Touchless toilet paper dispensers are Americans with Disabilities Act (ADA) compliant, which make them a perfect fit for facilities who have tenants with disabilities. 

“Handicapped stalls were created for a reason, not just to have one stall per bathroom that has more space,” says Don Totten, vice president of marketing – away from home, at Solaris Paper, Alpharetta, Ga. “[Disabled users] need the extra space, but they also need the automation…so there isn’t a lot of extra moving around in the public bathroom.”

To convince facility executives of the advantages of touchless toilet paper dispensers, BSCs can encourage customers to imagine they are disabled, and attempt to retrieve toilet tissue from a traditional dispenser that has malfunctioned, especially one that has been placed underneath the support bar, says Totten.

“Reach down and try to pull the tissue (which) is broken off about half way up the roll. You have to jimmy the roll down so you can have access to the sheet to pull it,” Totten says.  

Touchless toilet paper dispensers make grabbing tissue easier. Most manual touch-free dispensers are tissue accessible from the front rather than underneath.
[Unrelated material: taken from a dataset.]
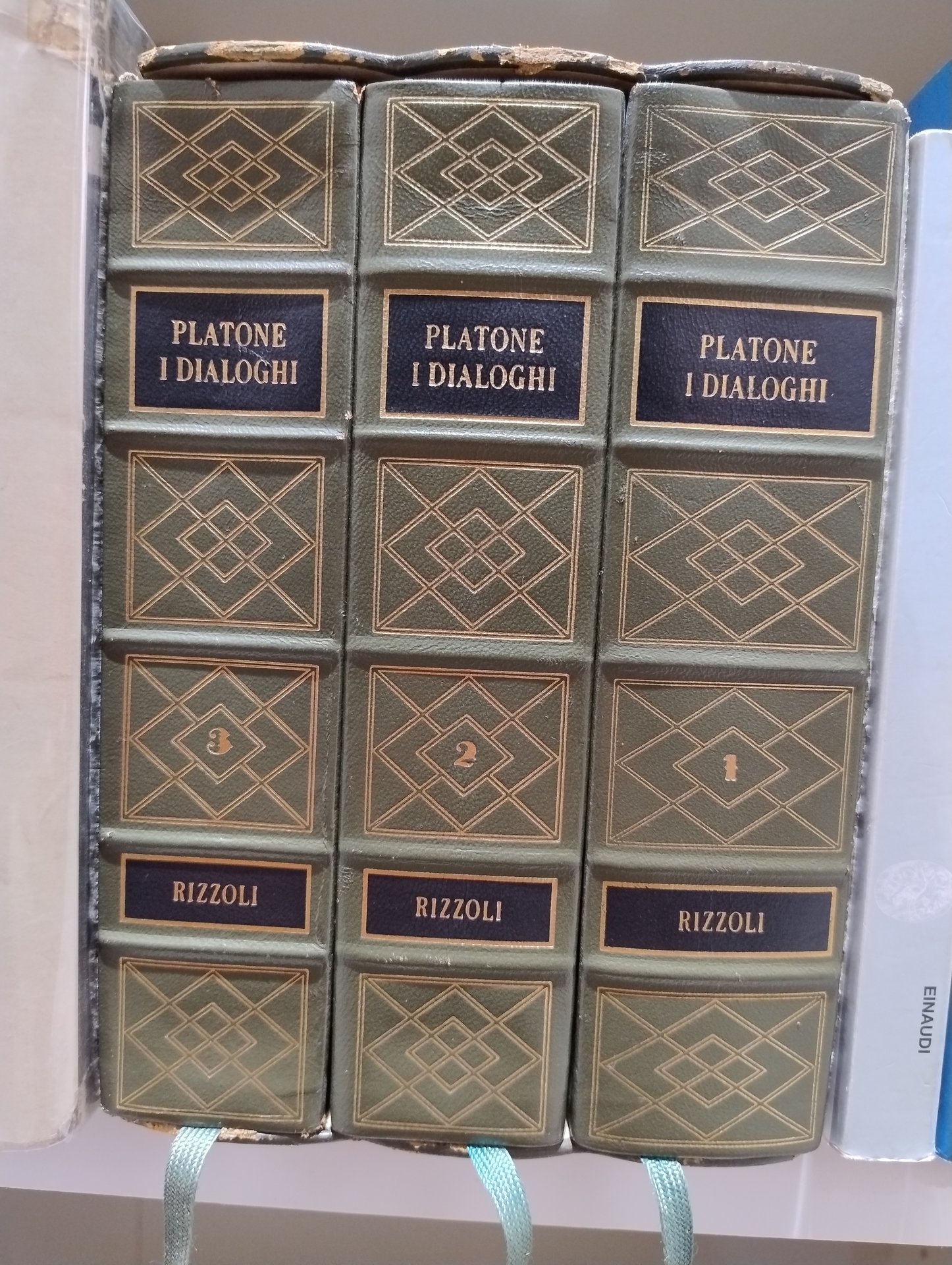 19,5x13, rilegatura in pelle, pp.1118-1107-1119. Taglio oro solo sul margine superiore. volumi in ottime condizioni, usura da scaffale e lieve fioritura sul cofanetto.

With automatic dispensers, there is no reaching underneath, just a wave of the hand. 

“In those (handicapped) stalls, the facility managers are putting in little to no consideration for those individuals they are actually intended to accommodate,” Totten says. “The dispenser really was designed initially to satisfy the unmet need of the limited-range and mobility individuals in the market that visit public facilities and office buildings.”